Простившись с супругами, я объявил им, что мне идти в противоположном направлении, и свернул на ближайшую улицу. И тут я Субботу и увидел.

Издали показалось, что она на меня и смотрела, но вблизи взгляд у нее оказался сквозной, — очищенный, как вода в перекрытом бассейне. Такою же немой и обращенной в никуда была и поза, — единственная композиция рук, туловища и ног, которая лишает тело выражения. Трусы — тоже прозрачные, фирмы «Кукай», и между ног у нее не было щели. Вернув взгляд к ее глазам, я вдруг осмыслил смущение, возникшее у меня, когда я впервые заглянул ей, живой, в лицо. Глаза эти, прозрачные и тогда, напомнили мне, как выяснилось сейчас, влагу израильского озера Кинерет. Такое же ощущение: спокойствие, схоронившее в себе непугающую тайну и тихую музыку…

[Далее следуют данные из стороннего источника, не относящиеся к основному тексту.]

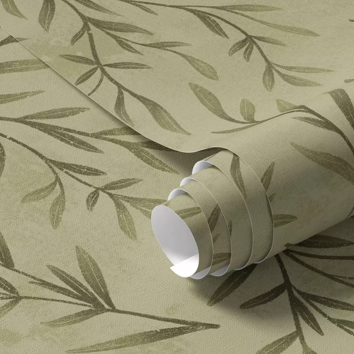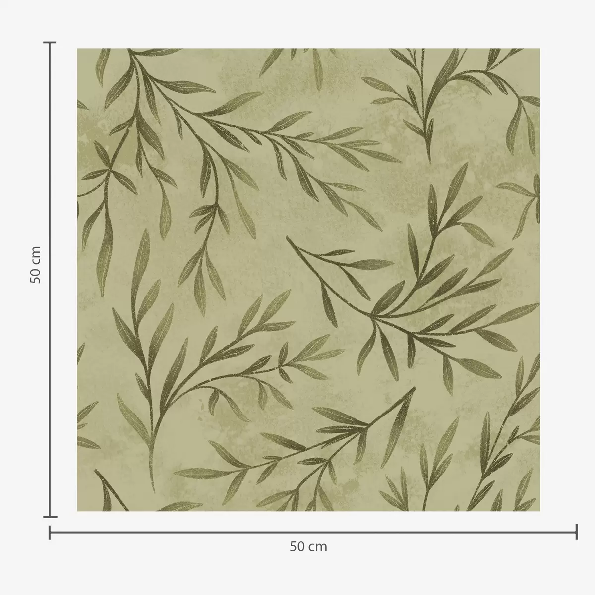 Papel tapiz Ramitas de olivo sobre un fondo texturizado de color amarillo verdoso apagado. Nr. a00936
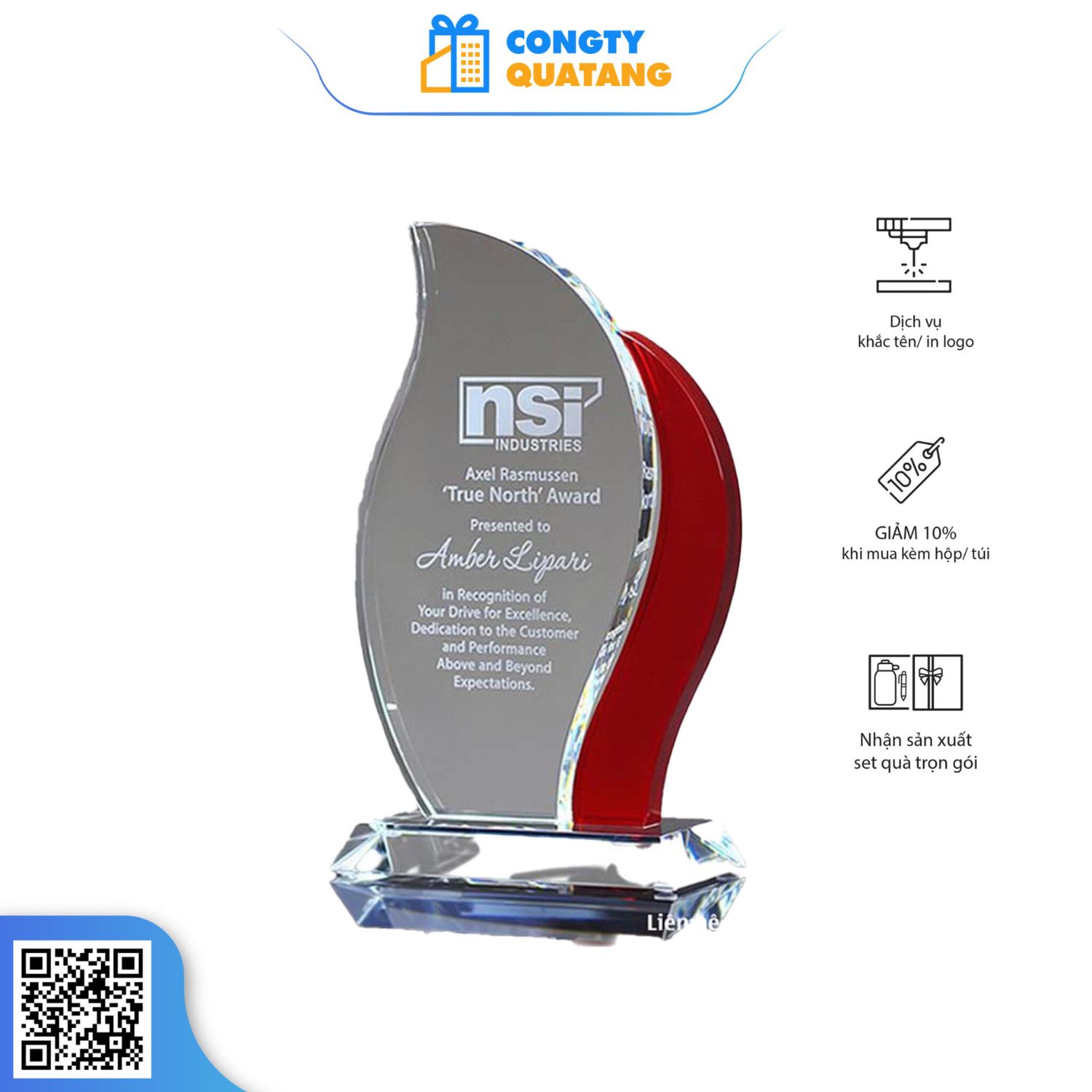 - Thiết kế độc đáo: Kỷ niệm chương pha lê PL-106 được chế tác theo hình dáng ngọn lửa cách điệu, mang ý nghĩa tượng trưng cho tinh thần nhiệt huyết, sự cống hiến và khát vọng vươn lên không ngừng.

У вод Кинерет я просидел как-то всю ночь в неизбывном удивлении, что эта неподвижная влага хранит в себе тайну о многих людях, которые не хотели жить и утонули, и о том единственном из них, о назаретском раввине, который прошелся по воде легко, как — по жизни глупцы, но, в конце концов, избрал смерть, попросив на кресте глоток влаги. И еще у вод Кинерет я вспоминал песню про эти воды…

Только сейчас, разглядывая стеклянные глаза за стеклянной витриной «Кукай», я осмыслил свое недавнее смущение. Тогда было озеро Кинерет, а теперь и здесь — не чистота, а очищенность. Потом присмотрелся к выражению ее лица, открывшего мне усмешку, которая знаменует неспособность любить, символ свободы от страстей, то есть символ глупости, грустной человеческой черты.

Прервал меня все тот же нелондонский дождь. Одно из двух, заключил я, отрываясь от витрины: либо все на свете состоит из ничего, то есть либо истинная природа каждой вещи есть ее отсутствие, ее сделанность из ничто, либо же улетевший в Австралию скульптор, наоборот, слишком бездарен. В любом случае, думал я, вышагивая по пустынной улице впритык к зданиям, смотреть на ее копии я больше не буду, ибо даже этот первый взгляд на стеклянную Субботу столкнул меня в воды забывания ее. Почувствовал, что эта застывшая, как стекло, вода забывания может заполнить все промежутки в моей памяти, — и тогда Суббота исчезнет навсегда, как исчезает бесцветное стекло — если долго сквозь него смотреть…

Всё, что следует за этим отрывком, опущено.